We present detailed studies of a z = 2.12 submillimeter galaxy,
ALESS67.1, using sub-arcsecond resolution ALMA, adaptive optics-aided
VLT/SINFONI, and Hubble Space Telescope (HST)/CANDELS data to
investigate the kinematics and spatial distributions of dust emission
(870 μm continuum), 12CO(J = 3-2), strong optical
emission lines, and visible stars. Dynamical modeling of the optical
emission lines suggests that ALESS67.1 is not a pure rotating disk but a
merger, consistent with the apparent tidal features revealed in the HST
imaging. Our sub-arcsecond resolution data set allows us to measure
half-light radii for all the tracers, and we find a factor of 4-6
smaller sizes in dust continuum compared to all the other tracers,
including 12CO; also, ultraviolet (UV) and Hα emission
are significantly offset from the dust continuum.

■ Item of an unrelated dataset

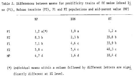 Table 2. Differences between means for prolificity traits of OU maize inbred line (P1), Balsas teosinte (P2), F1 and F2 populations and mid-parent value (MP).

The spatial mismatch
between the UV continuum and the cold dust and gas reservoir supports
the explanation that geometrical effects are responsible for the offset
of the dusty galaxy on the IRX-β diagram. Using a dynamical
method we derive an {α }CO}=1.8+/- 1.0, consistent with
other submillimeter galaxies (SMGs) that also have resolved CO and dust
measurements. Assuming a single {α }CO} value we also
derive resolved gas and star formation rate surface densities, and find
that the core region of the galaxy (≲ 5 kpc) follows the trend of
mergers on the Schmidt-Kennicutt relationship, whereas the
outskirts (≳ 5 kpc) lie on the locus of normal star-forming
galaxies, suggesting different star formation efficiencies within one
galaxy. Our results caution against using single size or morphology for
different tracers of the star formation activity and gas content of
galaxies, and therefore argue the need to use spatially resolved,
multi-wavelength observations to interpret the properties of SMGs, and
perhaps even for z> 1 galaxies in general.